In this case the collection is “multiplied” by the template “quote”, i.e, each element of the collection is placed in the context in turn as “this”, and the template “quote” is evaluated. The resulting values are then “divided” by the commas.
Expanding this template gives:
["hello","there","world"]
The astute amongst you will have noticed that all of the above can actually be done by JSONWriter, but the templating sytstem is much more flexible, and works just as well generating HTML, XML and any other text format.
Now to the point of this article. I have found it increasingly common when generating XML to want to emit a sequence separated by newlines.
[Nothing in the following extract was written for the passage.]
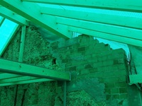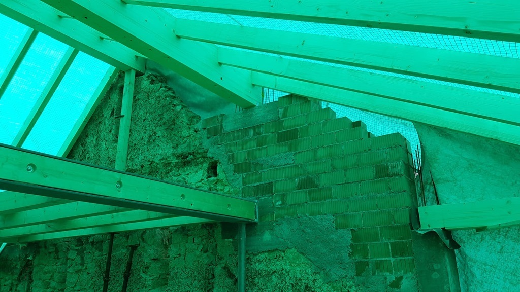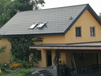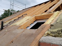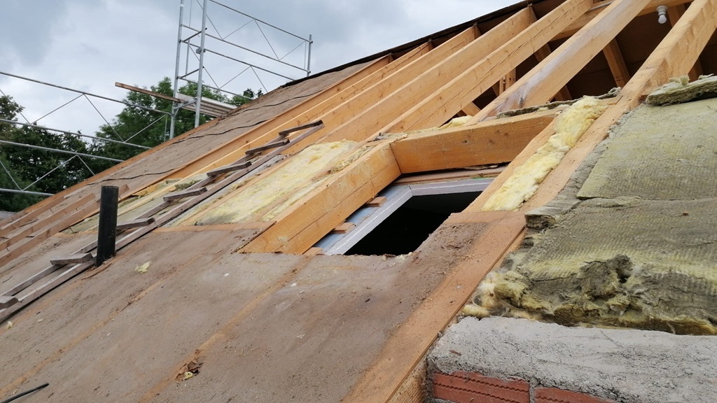 Entfernen von Asbestplatten und alter Lattung. Neue Lattung mit Isolation angebracht und mit Prefaplatten neu eingedeckt.

This can easily be done using the above syntax by giving a newline as a “divide” string:
[${stuff*quote/'
'}]
But this has always looked clumsy to me.
So, in Stringtree 2.0.7 I have finally got around to making a neater syntax for this. Now, if you use a / to indicate a “divide”, but do not supply a separator, the template system will default to a newline. If you don’t want any separators at all, you can still just leave off the /. So lets try the new, neater, way to write a newline-separated chunk of XML from the same collection of Strings:
<quotes>
${stuff*quote/}
</quotes>
and the template quote.tpl
<quote>${this}</quote>
Expanding this template gives:
<quotes>
<quote>hello</quote>
<quote>there</quote>
<quote>world</quote>
</quotes>
A very small change, but one which makes a common task a lot nicer.
As a side note, in 2.0.7 I also brought out from my dusty archives an old XML parser I wrote years ago and integrated it with the current Stringtree code base. Feel free to play with it, but I don’t really consider it ready for “prime time” yet.